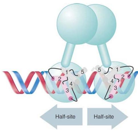 - Each DNA-binding region in the repressor contacts a half-site in the DNA.
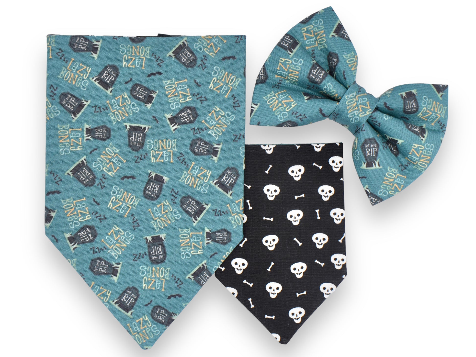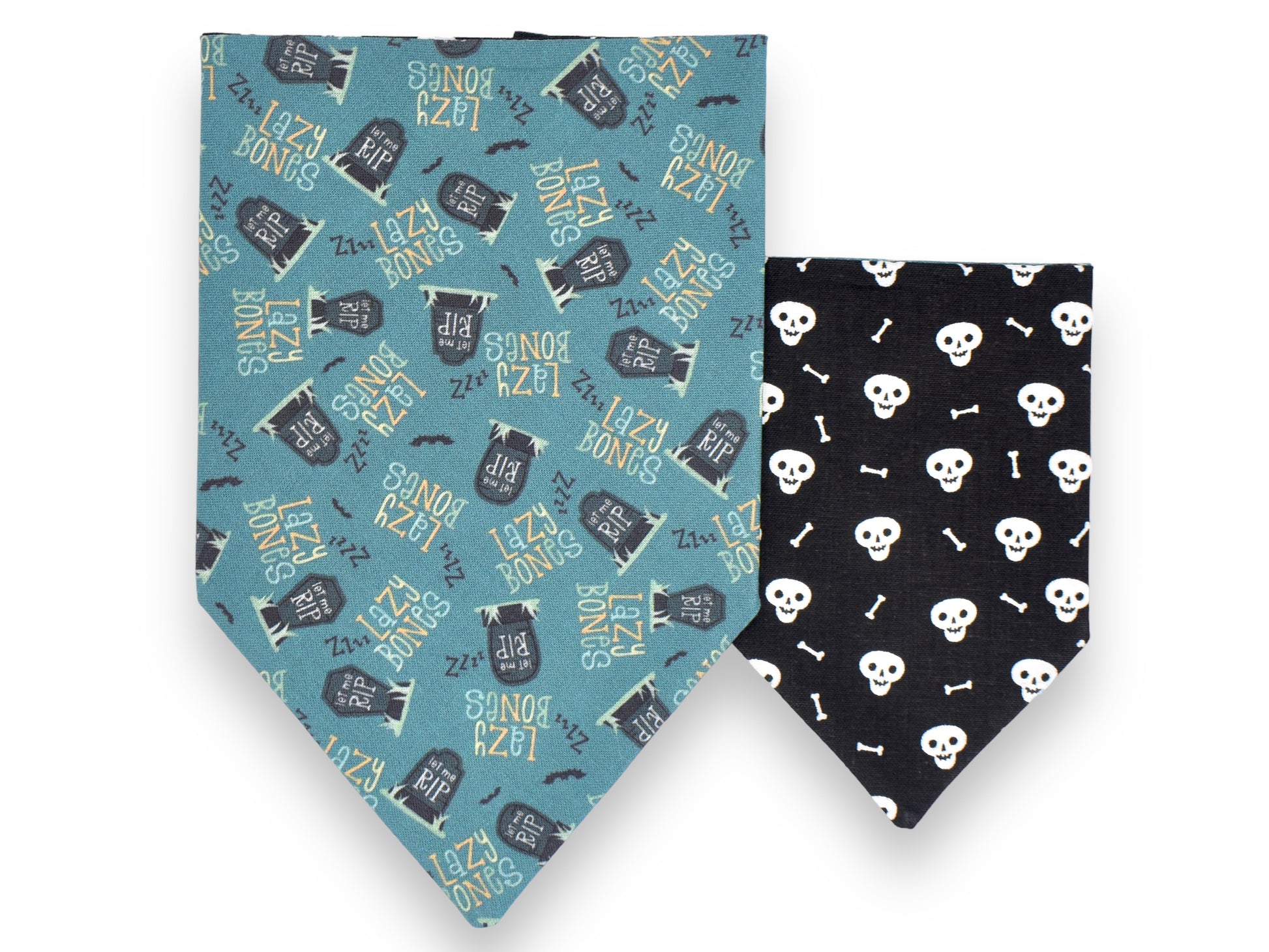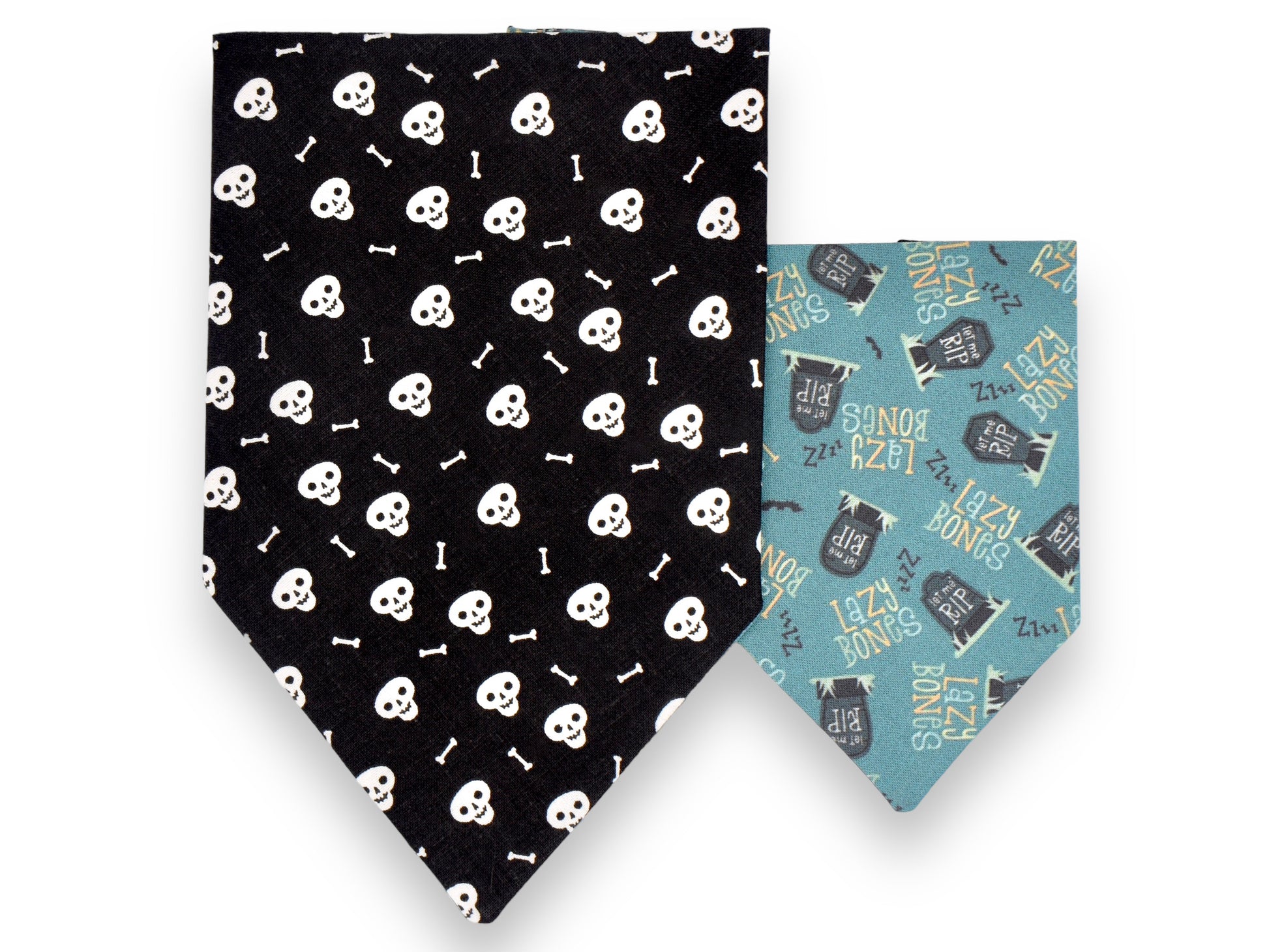 This style is dual-sided with a collar or theme-coordinated pattern on the reverse side, offering a two-for-one style option! This style can be worn by slipping your pet’s collar through the openings at the top of the bandana, and then clipping the collar around your pet’s neck. This style requires a collar for wear.
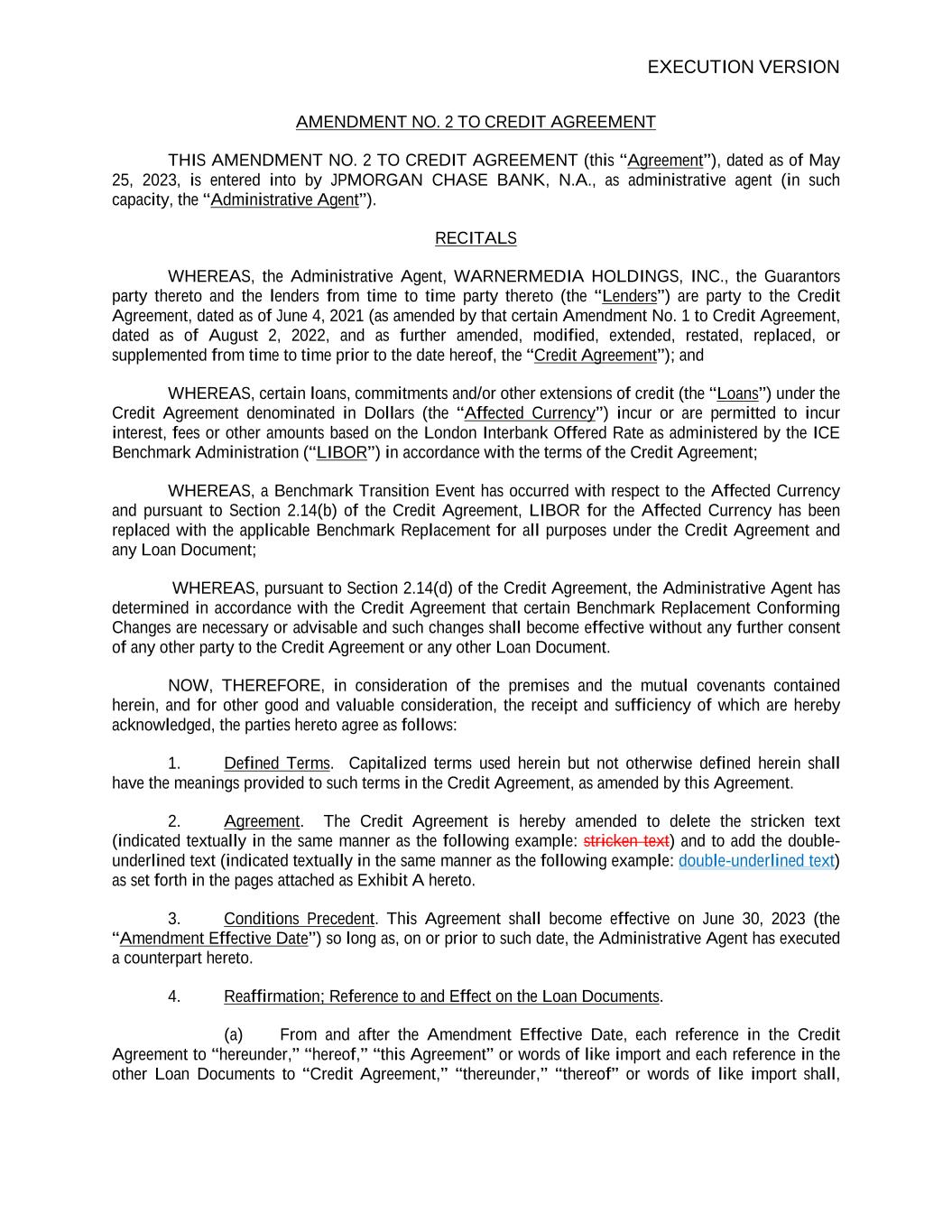 EXECUTION VERSION AMENDMENT NO. 2 TO CREDIT AGREEMENT THIS AMENDMENT NO. 2 TO CREDIT AGREEMENT (this “Agreement”), dated as of May 25, 2023, is entered into by JPMORGAN CHASE BANK, N.A., as administrative agent (in such capacity, the “Administrative Agent”). RECITALS WHEREAS, the Administrative Agent, WARNERMEDIA HOLDINGS, INC., the Guarantors party thereto and the lenders from time to time party thereto (the “Lenders”) are party to the Credit Agreement, dated as of June 4, 2021 (as amended by that certain Amendment No. 1 to Credit Agreement, dated as of August 2, 2022, and as further amended, modified, extended, restated, replaced, or supplemented from time to time prior to the date hereof, the “Credit Agreement”); and WHEREAS, certain loans, commitments and/or other extensions of credit (the “Loans”) under the Credit Agreement denominated in Dollars (the “Affected Currency”) incur or are permitted to incur interest, fees or other amounts based on the London Interbank Offered Rate as administered by the ICE Benchmark Administration (“LIBOR”) in accordance with the terms of the Credit Agreement; WHEREAS, a Benchmark Transition Event has occurred with respect to the Affected Currency and pursuant to Section 2.14(b) of the Credit Agreement, LIBOR for the Affected Currency has been replaced with the applicable Benchmark Replacement for all purposes under the Credit Agreement and any Loan Document; WHEREAS, pursuant to Section 2.14(d) of the Credit Agreement, the Administrative Agent has determined in accordance with the Credit Agreement that certain Benchmark Replacement Conforming Changes are necessary or advisable and such changes shall become effective without any further consent of any other party to the Credit Agreement or any other Loan Document. NOW, THEREFORE, in consideration of the premises and the mutual covenants contained herein, and for other good and valuable consideration, the receipt and sufficiency of which are hereby acknowledged, the parties hereto agree as follows: 1. Defined Terms. Capitalized terms used herein but not otherwise defined herein shall have the meanings provided to such terms in the Credit Agreement, as amended by this Agreement. 2. Agreement. The Credit Agreement is hereby amended to delete the stricken text (indicated textually in the same manner as the following example: stricken text) and to add the double- underlined text (indicated textually in the same manner as the following example: double-underlined text) as set forth in the pages attached as Exhibit A hereto. 3. Conditions Precedent. This Agreement shall become effective on June 30, 2023 (the “Amendment Effective Date”) so long as, on or prior to such date, the Administrative Agent has executed a counterpart hereto. 4. Reaffirmation; Reference to and Effect on the Loan Documents. (a) From and after the Amendment Effective Date, each reference in the Credit Agreement to “hereunder,” “hereof,” “this Agreement” or words of like import and each reference in the other Loan Documents to “Credit Agreement,” “thereunder,” “thereof” or words of like import shall,
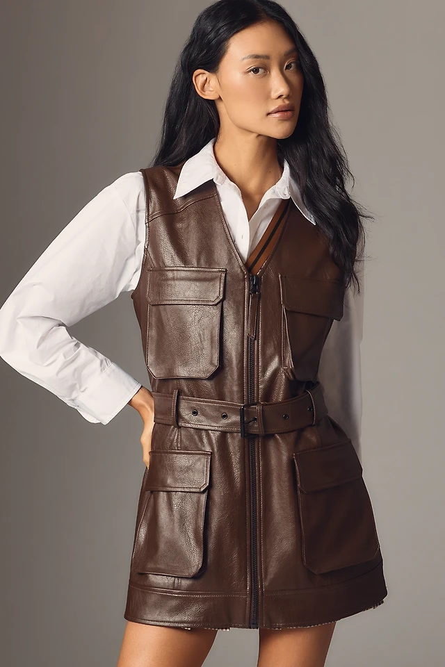 By Anthropologie Cinched-Waist Faux Leather Jacket

▶ HOW TO COMPLETE THIS TASK: Word for word, reproduce all the data, but not the pictures.

▶ TASK RESULT:
 - Each DNA-binding region in the repressor contacts a half-site in the DNA.
 This style is dual-sided with a collar or theme-coordinated pattern on the reverse side, offering a two-for-one style option! This style can be worn by slipping your pet’s collar through the openings at the top of the bandana, and then clipping the collar around your pet’s neck. This style requires a collar for wear.
 EXECUTION VERSION AMENDMENT NO. 2 TO CREDIT AGREEMENT THIS AMENDMENT NO. 2 TO CREDIT AGREEMENT (this “Agreement”), dated as of May 25, 2023, is entered into by JPMORGAN CHASE BANK, N.A., as administrative agent (in such capacity, the “Administrative Agent”). RECITALS WHEREAS, the Administrative Agent, WARNERMEDIA HOLDINGS, INC., the Guarantors party thereto and the lenders from time to time party thereto (the “Lenders”) are party to the Credit Agreement, dated as of June 4, 2021 (as amended by that certain Amendment No. 1 to Credit Agreement, dated as of August 2, 2022, and as further amended, modified, extended, restated, replaced, or supplemented from time to time prior to the date hereof, the “Credit Agreement”); and WHEREAS, certain loans, commitments and/or other extensions of credit (the “Loans”) under the Credit Agreement denominated in Dollars (the “Affected Currency”) incur or are permitted to incur interest, fees or other amounts based on the London Interbank Offered Rate as administered by the ICE Benchmark Administration (“LIBOR”) in accordance with the terms of the Credit Agreement; WHEREAS, a Benchmark Transition Event has occurred with respect to the Affected Currency and pursuant to Section 2.14(b) of the Credit Agreement, LIBOR for the Affected Currency has been replaced with the applicable Benchmark Replacement for all purposes under the Credit Agreement and any Loan Document; WHEREAS, pursuant to Section 2.14(d) of the Credit Agreement, the Administrative Agent has determined in accordance with the Credit Agreement that certain Benchmark Replacement Conforming Changes are necessary or advisable and such changes shall become effective without any further consent of any other party to the Credit Agreement or any other Loan Document. NOW, THEREFORE, in consideration of the premises and the mutual covenants contained herein, and for other good and valuable consideration, the receipt and sufficiency of which are hereby acknowledged, the parties hereto agree as follows: 1. Defined Terms. Capitalized terms used herein but not otherwise defined herein shall have the meanings provided to such terms in the Credit Agreement, as amended by this Agreement. 2. Agreement. The Credit Agreement is hereby amended to delete the stricken text (indicated textually in the same manner as the following example: stricken text) and to add the double- underlined text (indicated textually in the same manner as the following example: double-underlined text) as set forth in the pages attached as Exhibit A hereto. 3. Conditions Precedent. This Agreement shall become effective on June 30, 2023 (the “Amendment Effective Date”) so long as, on or prior to such date, the Administrative Agent has executed a counterpart hereto. 4. Reaffirmation; Reference to and Effect on the Loan Documents. (a) From and after the Amendment Effective Date, each reference in the Credit Agreement to “hereunder,” “hereof,” “this Agreement” or words of like import and each reference in the other Loan Documents to “Credit Agreement,” “thereunder,” “thereof” or words of like import shall,
 By Anthropologie Cinched-Waist Faux Leather Jacket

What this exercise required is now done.